Iran membalas dengan meluncurkan rudal ke arah Israel. Media Israel melaporkan bahwa sekitar sepuluh rudal menargetkan kota Karmiel di utara dan daerah sekitarnya di Galilea, dengan beberapa dilaporkan menembus sistem pertahanan udara Israel. Komando Pertahanan Sipil Israel mengatakan sirene berbunyi di seluruh kawasan.

Korps Pengawal Revolusi Islam (IRGC) mengatakan telah meluncurkan gelombang ke-34 serangan sebagai bagian dari apa yang mereka sebut“Operasi Janji Sejati,” menggunakan rudal dengan hulu ledak berbobot lebih dari satu ton dan jarak tempuh yang diperpanjang. Senjata tersebut dilaporkan termasuk sistem rudal Qadr, Emad, Fattah, dan Khaybar, menurut pernyataan tersebut.

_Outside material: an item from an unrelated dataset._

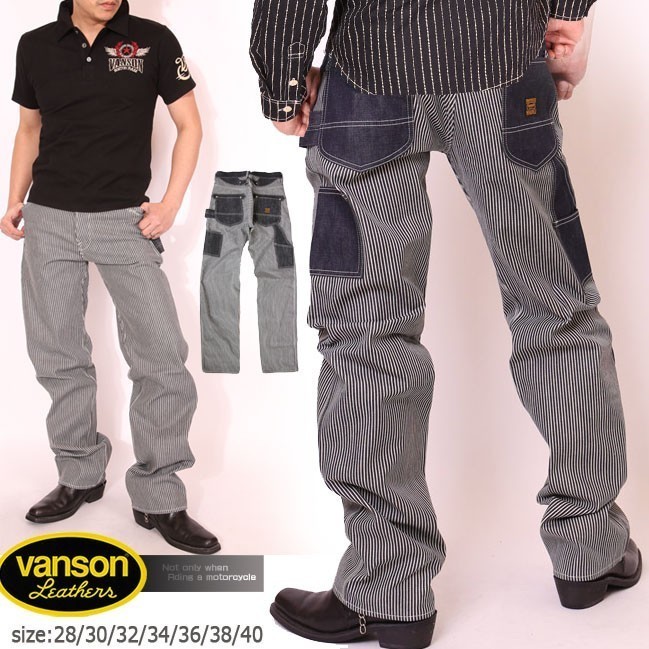 VANSON バンソン【36インチ】ペインターパンツ NVBL-301 ヒッコリー ハーレー ワークパンツ アメカジ拍卖

IRGC mengatakan serangan tersebut menargetkan pangkalan AS dan Israel serta pusat logistik, termasuk Pangkalan Udara Ramat David dan bandara sipil di Haifa. Mereka juga mengklaim melakukan serangan terhadap konsentrasi pasukan AS di Pangkalan Udara Al Dhafra di Uni Emirat Arab dan Aktivitas Dukungan Angkatan Laut Bahrain di Bahrain.

Iran memperingatkan bahwa serangan terhadap infrastruktur dan warga sipil tidak akan dibiarkan tanpa balasan, dengan mengatakan bahwa jumlah target potensial yang bisa diserang mereka“sepuluh kali lebih besar” daripada yang dimiliki lawan-lawannya.

Konflik semakin meluas ke negara-negara Teluk. Di Bahrain, pihak berwenang mengatakan seorang wanita tewas dan yang lain terluka setelah sebuah rudal menghantam sebuah bangunan tempat tinggal di Manama. Arab Saudi mengatakan telah menembak jatuh dan menghancurkan sebuah rudal balistik yang diluncurkan ke Provinsi Timur, serta dua drone di timur Al-Kharj.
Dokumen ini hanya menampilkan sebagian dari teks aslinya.